The majority asserts that the Parole Board erred by ignoring Dr. Michael Weiner’s report. In my view, this was a report well worth rejecting. As noted by the Parole Board, the report pertained to the psychological adaptation of Trantino to the structured setting of a halfway house, rather than the likelihood that Trantino would commit another crime if released into the community. Although Weiner ultimately concluded that Trantino's likelihood of recidivism was relatively low, I note that the conclusion is wholly disembodied from, and inconsistent with, the psychologist’s specific findings.
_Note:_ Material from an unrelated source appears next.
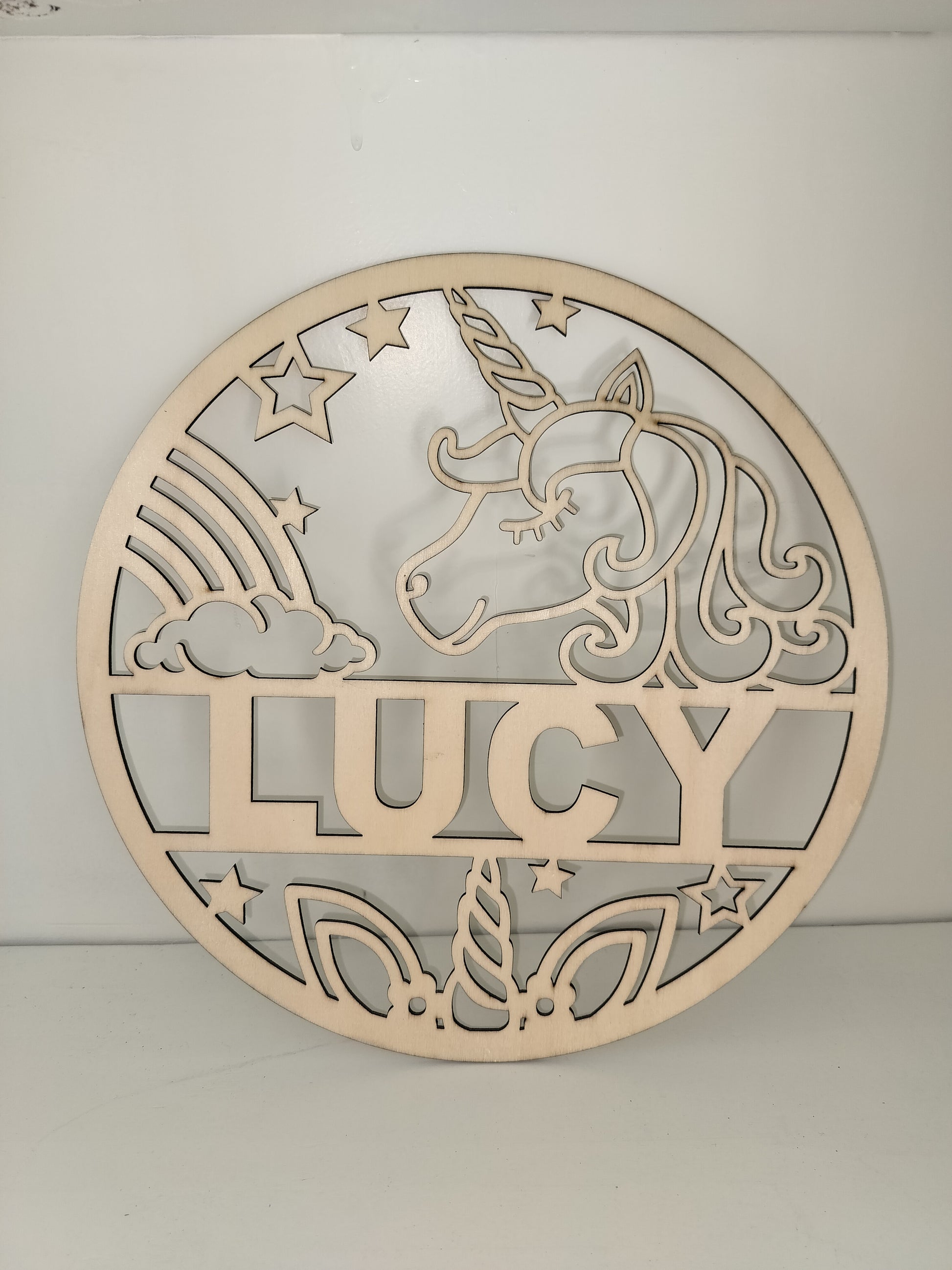 Ontdek onze naamcirkel met een unicornthema, perfect voor het personaliseren van kinderkamers, klaslokalen en speelruimtes.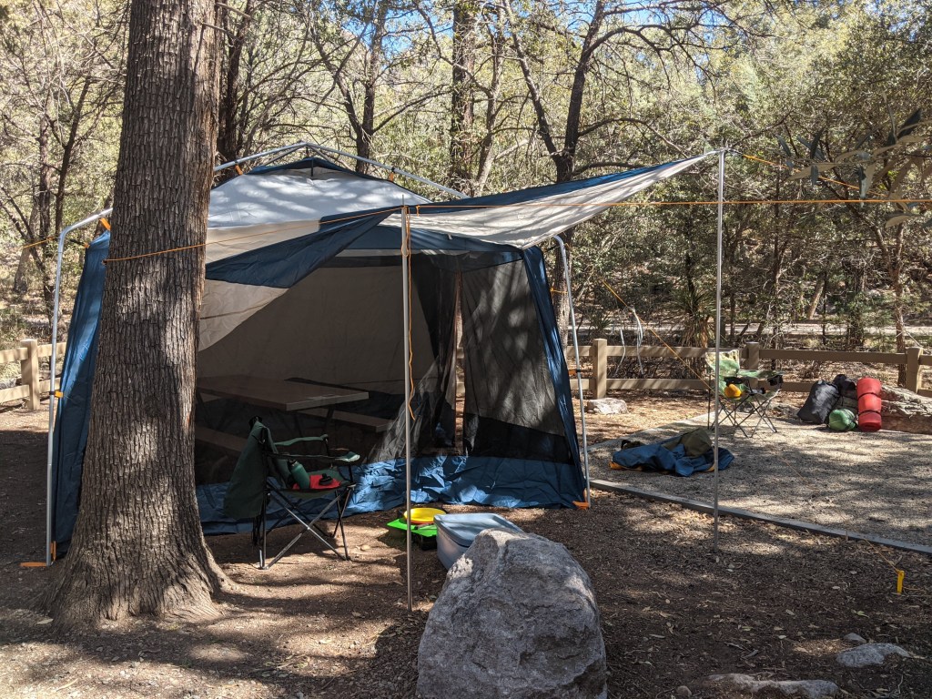 We started on the west side, a.k.a. the National Monument side, or the better-known side, thrilled to have scored one night in small, pretty Bonita Canyon campground. What better place to debut our giant new tent shelter?

In his report, Weiner noted that his examination of Trantino "found more impressive evidence for lack of empathy, manipulativeness, grandiosity, lack or remorse or guilt, lying, [and] failure to accept responsibility for his own actions----’’ The report detailed Trantino’s continuing narcissistic personality, finding him to be "intensely egocentric” and "likely to be exploitive in the future.” Weiner observed that the "degree of his self-centeredness is such that he is a considerable risk to erode his support system and to relapse into exploiting others,” which would “eventually graduate into criminality.”

Weiner further stated that Trantino’s incessant "revision of history” to "promote the notion of his innocence” allowed him to avoid all responsibility for the murders he committed. Weiner found that Trantino remains "unremorseful to the array of people he has victimized directly and indirectly" and exhibits only "superficial empathy.” In fact, Weiner noted that Trantino, "speaks of the murdered Detective Sgt. Voto and police trainee Tedesco with utterly no emotion or compassion for either of them.” Weiner concluded that, ”[p]eeling away his exterior, [Trantino] remains a controlling, calculating individual with no real sense of attachment. He maintains the tendency to explain away, deny, or minimize his meaningful sources of shame or guilt.”

The majority makes repeated reference to the "selectivity" of the Parole Board in focusing only on the psychological evidence supportive of its denial of parole. This criticism is unwarranted. The Parole Board clearly considered every scrap of available evidence in assessing the likelihood of recidivism. The record does not in any way suggest that the Parole Board ignored, overlooked, or undervalued crucial evidence. As I pointed out earlier, the opinions of the experts wildly diverged. It was thus incumbent on the Parole Board to determine which opinions to accept and which opinions to reject. The Parole Board was not required to make this determination with surgical precision or to discuss the testimony, reports and statements of every witness, describing in detail why it found some more credible than others. See State v. Locurto, 157 N.J. at 471-74, 724 A.2d 234. In that context, the Parole Board was not "selective” in its consideration of the evidence, but instead was necessarily selective in its determination concerning what evidence was the most compelling.